(Requirement) Only one stretch of the material below is wanted: everything from the line containing "2012 SanDisk Scholars" down to the line containing "G Body Big Brake", both ends included. Repeat it exactly and skip the pictures.

****************

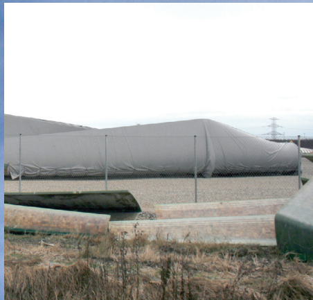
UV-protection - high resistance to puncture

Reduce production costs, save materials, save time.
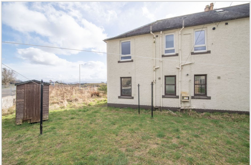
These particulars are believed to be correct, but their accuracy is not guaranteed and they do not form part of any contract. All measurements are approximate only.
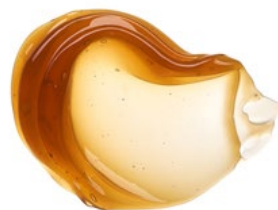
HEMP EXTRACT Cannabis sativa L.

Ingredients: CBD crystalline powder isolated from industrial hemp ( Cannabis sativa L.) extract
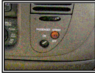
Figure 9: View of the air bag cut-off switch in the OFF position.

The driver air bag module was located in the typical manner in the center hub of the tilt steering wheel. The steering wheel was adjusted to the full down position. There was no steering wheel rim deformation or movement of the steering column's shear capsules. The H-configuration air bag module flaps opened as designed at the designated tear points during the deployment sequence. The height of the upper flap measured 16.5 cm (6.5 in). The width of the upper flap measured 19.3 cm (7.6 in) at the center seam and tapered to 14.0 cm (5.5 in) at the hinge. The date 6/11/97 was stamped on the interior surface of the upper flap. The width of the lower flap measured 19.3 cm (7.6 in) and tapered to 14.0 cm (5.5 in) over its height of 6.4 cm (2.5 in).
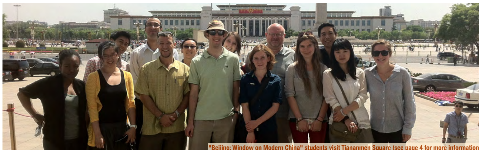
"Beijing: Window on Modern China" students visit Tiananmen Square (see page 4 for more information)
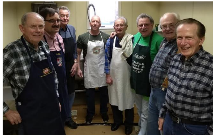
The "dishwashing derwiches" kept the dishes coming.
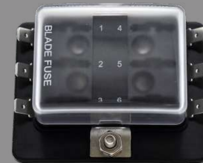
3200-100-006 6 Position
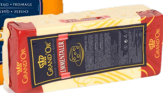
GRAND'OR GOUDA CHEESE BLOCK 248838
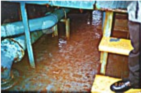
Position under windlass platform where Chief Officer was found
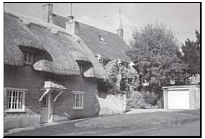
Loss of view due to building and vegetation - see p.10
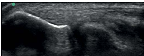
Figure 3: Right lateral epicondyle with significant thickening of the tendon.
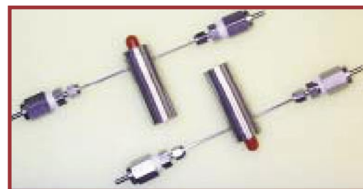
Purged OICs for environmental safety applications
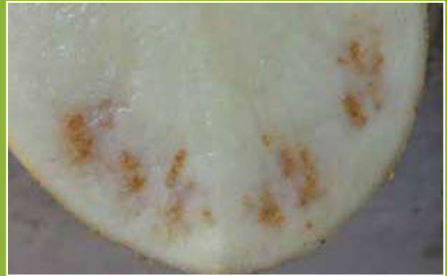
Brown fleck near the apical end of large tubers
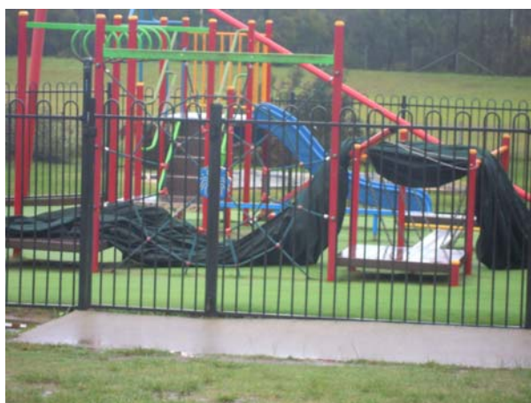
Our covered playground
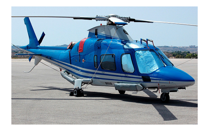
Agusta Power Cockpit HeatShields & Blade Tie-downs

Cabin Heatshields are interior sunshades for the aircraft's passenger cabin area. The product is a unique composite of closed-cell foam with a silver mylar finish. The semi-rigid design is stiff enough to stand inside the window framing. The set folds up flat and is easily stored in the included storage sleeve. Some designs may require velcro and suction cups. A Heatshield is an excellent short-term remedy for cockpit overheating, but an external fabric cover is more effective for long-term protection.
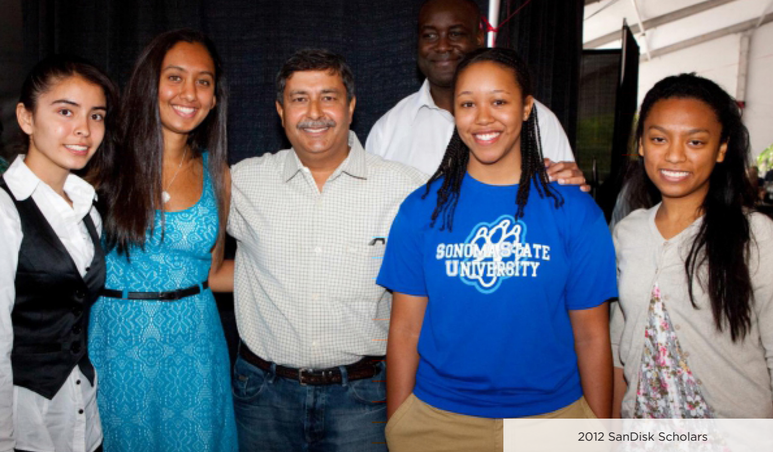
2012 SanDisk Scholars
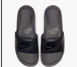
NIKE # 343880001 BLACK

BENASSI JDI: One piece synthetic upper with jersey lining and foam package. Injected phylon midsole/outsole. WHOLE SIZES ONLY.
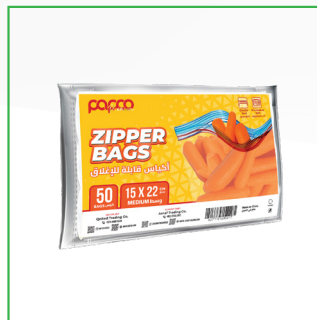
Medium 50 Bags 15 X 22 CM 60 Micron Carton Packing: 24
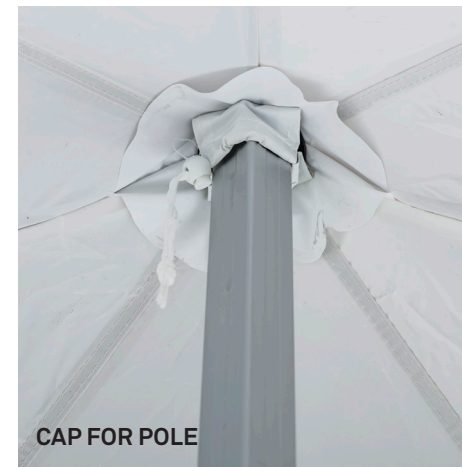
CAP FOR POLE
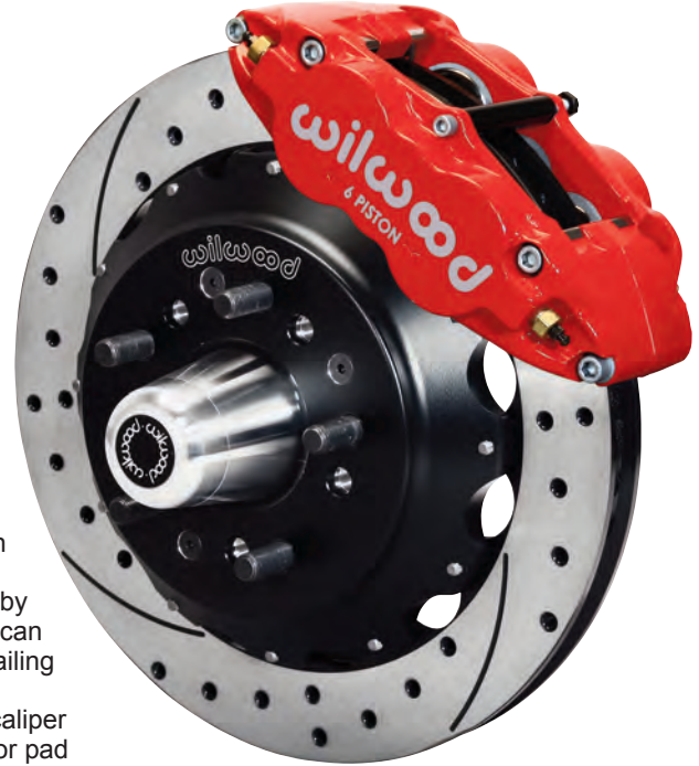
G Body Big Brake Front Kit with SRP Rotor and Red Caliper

****************

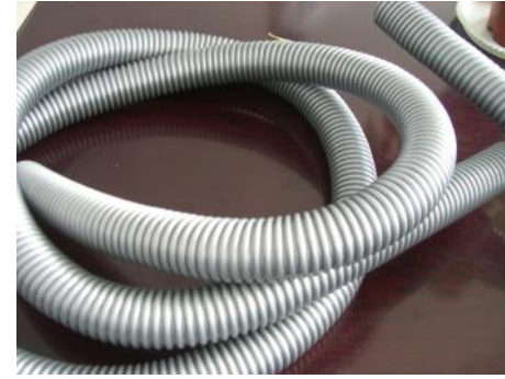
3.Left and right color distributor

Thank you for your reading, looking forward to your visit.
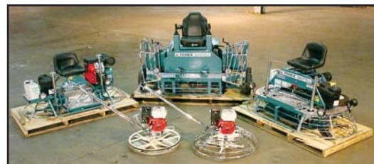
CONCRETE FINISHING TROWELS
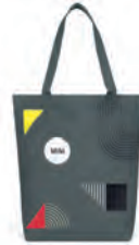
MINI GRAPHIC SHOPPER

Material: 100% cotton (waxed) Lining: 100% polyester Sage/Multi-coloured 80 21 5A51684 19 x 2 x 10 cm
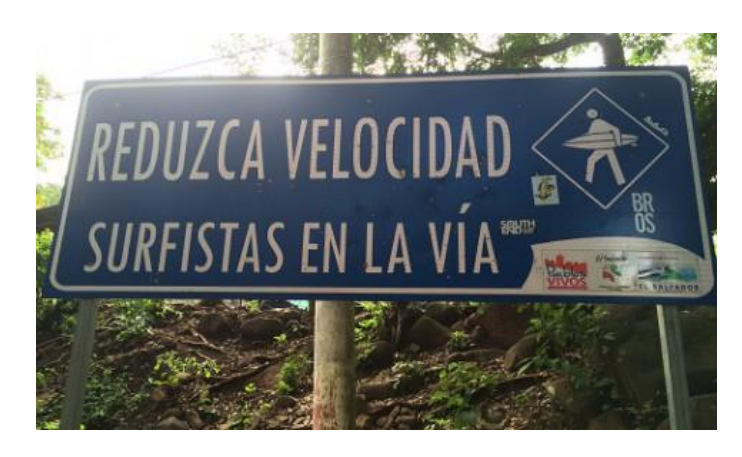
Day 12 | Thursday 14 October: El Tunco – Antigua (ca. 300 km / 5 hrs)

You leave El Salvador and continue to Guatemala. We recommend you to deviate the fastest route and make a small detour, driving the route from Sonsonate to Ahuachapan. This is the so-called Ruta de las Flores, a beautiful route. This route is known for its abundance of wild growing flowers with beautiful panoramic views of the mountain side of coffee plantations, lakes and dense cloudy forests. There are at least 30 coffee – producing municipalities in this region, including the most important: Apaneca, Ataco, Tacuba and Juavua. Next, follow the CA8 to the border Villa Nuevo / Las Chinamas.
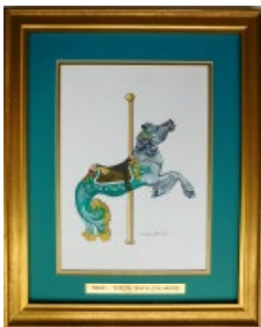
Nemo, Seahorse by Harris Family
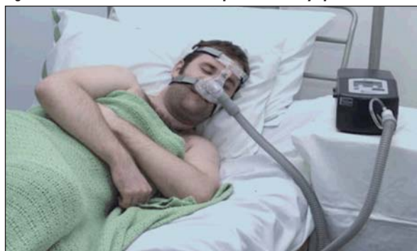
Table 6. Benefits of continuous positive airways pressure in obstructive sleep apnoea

****************

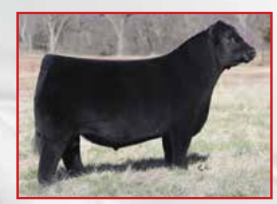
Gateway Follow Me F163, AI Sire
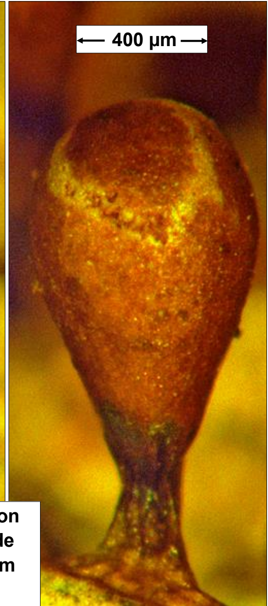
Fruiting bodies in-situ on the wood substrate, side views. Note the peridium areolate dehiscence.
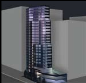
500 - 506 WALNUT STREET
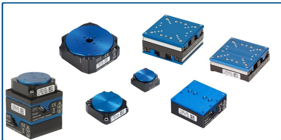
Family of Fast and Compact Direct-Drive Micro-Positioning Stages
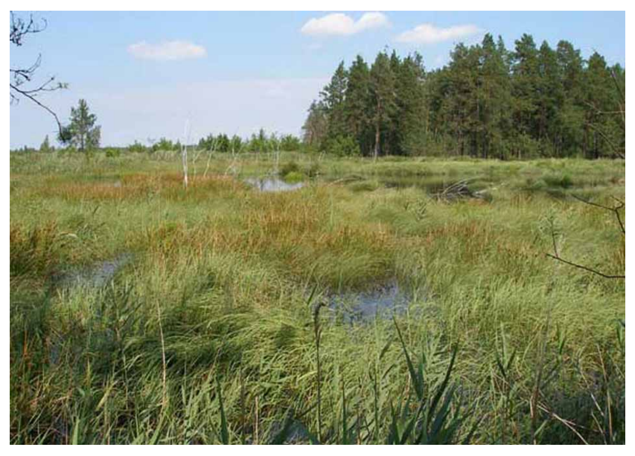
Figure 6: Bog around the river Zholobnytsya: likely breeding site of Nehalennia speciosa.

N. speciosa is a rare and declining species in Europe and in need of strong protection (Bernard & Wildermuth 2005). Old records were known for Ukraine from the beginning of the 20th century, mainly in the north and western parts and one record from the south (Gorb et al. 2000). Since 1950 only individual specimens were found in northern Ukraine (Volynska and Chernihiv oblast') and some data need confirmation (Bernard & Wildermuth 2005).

****************

(Exercise solution)
2012 SanDisk Scholars
NIKE # 343880001 BLACK

BENASSI JDI: One piece synthetic upper with jersey lining and foam package. Injected phylon midsole/outsole. WHOLE SIZES ONLY.
Medium 50 Bags 15 X 22 CM 60 Micron Carton Packing: 24
CAP FOR POLE
G Body Big Brake Front Kit with SRP Rotor and Red Caliper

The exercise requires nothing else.